The Pittsburgh Steelers have, by and large, been on an upward swing over the course of the past two and a half seasons after they missed the playoffs for two straight seasons, and failed to win a postseason game in four straight years.

Last season saw them gain that elusive playoff victory, though they came up short with about three minutes left in the Divisional round a week later. Their offense took off, and their defense improved, showing playmaking ability and opportunism.

But there are still a lot of unanswered questions facing the team as we crack into free agency territory. As an exercise, we like to take a stab at some of those questions, presenting arguments for the pros and cons of each side of the coin. This is the optimist’s take on the following question.

Question: Have the Steelers done enough to weather the loss of Martavis Bryant for the season?

The question is asked knowing full well that the regular season does not start for about half a year still, which means that the Steelers still have plenty of time to continue to address their roster if they feel that they are not yet sufficiently insulated from the loss of Martavis Bryant, who it was recently announced will be suspended for the 2016 season.

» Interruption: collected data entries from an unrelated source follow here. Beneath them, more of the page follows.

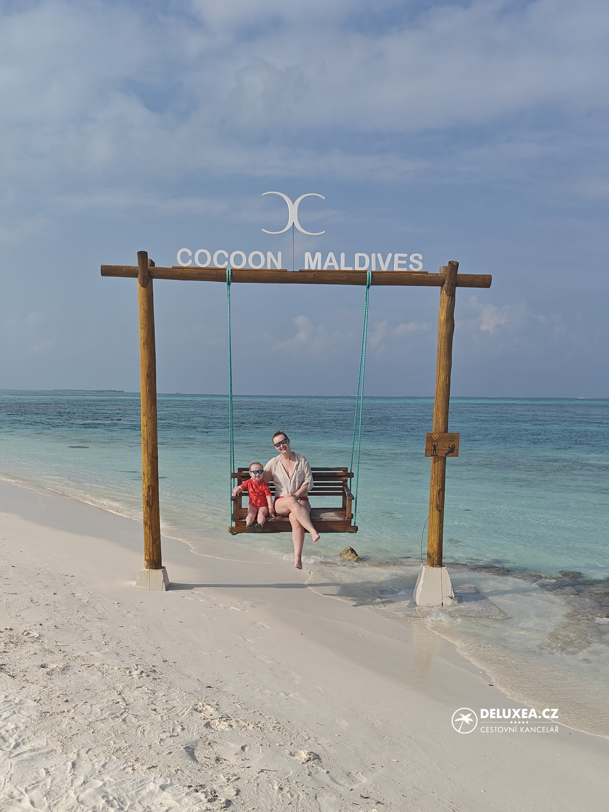 Cocoon je menší resort, který funguje již 7 let a stále je velmi oblíbený u hostů. Je ideálním místem jak pro rodiny, tak jej hojně využívají na své líbánky i novomanželé. Na výběr ubytování jsou zde jak plážové vily, plážové suity (samostatně stojící budovy poskytující dostatečné soukromí i z pohledu od pláže), rodinné plážové vily, tak i nadvodní Lagoon villy z jedné strany mola, a Lagoon Suite podél celé druhé strany mola. Novinkou od října letošního roku bude, že každá Lagoon Suite bude mít ze své terasy skluzavku do moře, posledních 10 pak soukromý bazén. Na ostrově panuje příjemná rodinná atmosféra, jídlo je chutné a pestré. V rámci all inclusive je k dispozici stravování v hlavní bufetové restauraci, ostatní a la carte restaurace jsou za příplatek. Nicméně doporučuji vyzkoušet Manta Restaurant nacházející se nad vodou, nebo zážitkovou Teppanyaki restauraci Japanese Garden. Děti si vyhrají v místním dětském klubu plném prolézaček a tunelů.
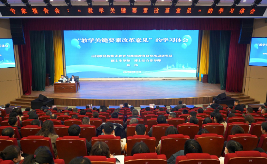 3月15日上午,济宁职业技术学院特邀中国教育科学研究院聂伟研究员作题为《“深化职业教育教学关键要素改革意见”的学习体会》专家报告。学院党委副书记、院长李中国出席并主持报告会。学院领导班子成员,副科级及以上干部、相关职能部门工作人员,各教学单位专业带头人、骨干教师等420余人参加。
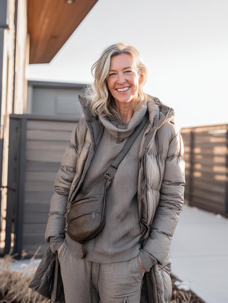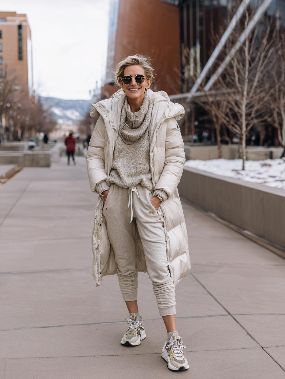 Taupe and grey create sophisticated winter warmth without sacrificing comfort. Layer a chunky knit turtleneck under an oversized puffer coat for effortless elegance. Matching joggers maintain the tonal palette while a structured crossbody bag adds polished functionality. This monochromatic approach elevates casual pieces into quiet luxury territory, proving athleisure can feel refined and intentional for everyday wear.
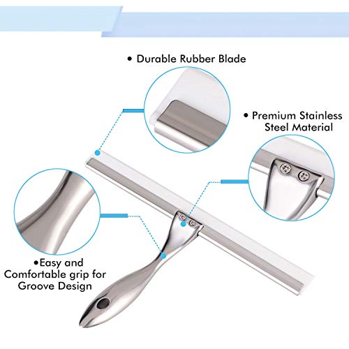 -Aikzik stylischer duschwischer edelstahl, duschabzieher mit saugnapf und S haken ist einfach zu installieren leicht zu entfernen oder neu zu positionieren und einfach zu lagern.

But they may not really have to do much at all on the offensive side of the ball, even with Bryant not in the mix. With names such as Antonio Brown, Le’Veon Bell, Ladarius Green, Markus Wheaton, and Sammie Coates—this list of names may well wind up being their base set—the Steelers are still plenty loaded on the offensive side of the ball.

Oh, and they also have a Ben Roethlisberger who will be coming in healthier than he was for all but about two and a half games during the 2015 season. the veteran quarterback suffered an MCL injury, a bone bruise, a concussion, multiple foot injuries, and probably another injury or two that I’m not even remembering, and they all affected his play.

I don’t believe that any single factor will be as important as getting Roethlisberger back as healthy as possible, because when he has been healthy over the course of the past three seasons, he has been looking awfully elite. When less than 100 percent, he has shown himself to be prone to opening himself up to some sloppy decision-making, leading to turnovers.

But getting Bell back is also a huge ingredient, and unless we have forgotten, he caught more passes for more yards in 2014 than in either of Bryant’s seasons. On a play-to-play basis, Bell is actually a more important piece of the passing tapestry, even if the tall, speedy wide receiver is the home run hitter.

Coates enters the picture as the wildcard. He’s not quite as tall nor as fast, and perhaps not as elusive as Bryant, but he is probably a bit stronger, and when he got an opportunity to appear in the postseason, he did show the ability to gain yards after the catch, which would be something lacking without Bryant.

Oh, and they still have Brown, who put up absolutely eye-popping numbers when Roethlisberger was on the field with him. Roethlisberger may be the drink, but Brown is the straw that stirs it. With the addition of Green, they also add a red zone threat to cut the deficit left with the loss of Bryant, with the tight end being every bit the mismatch.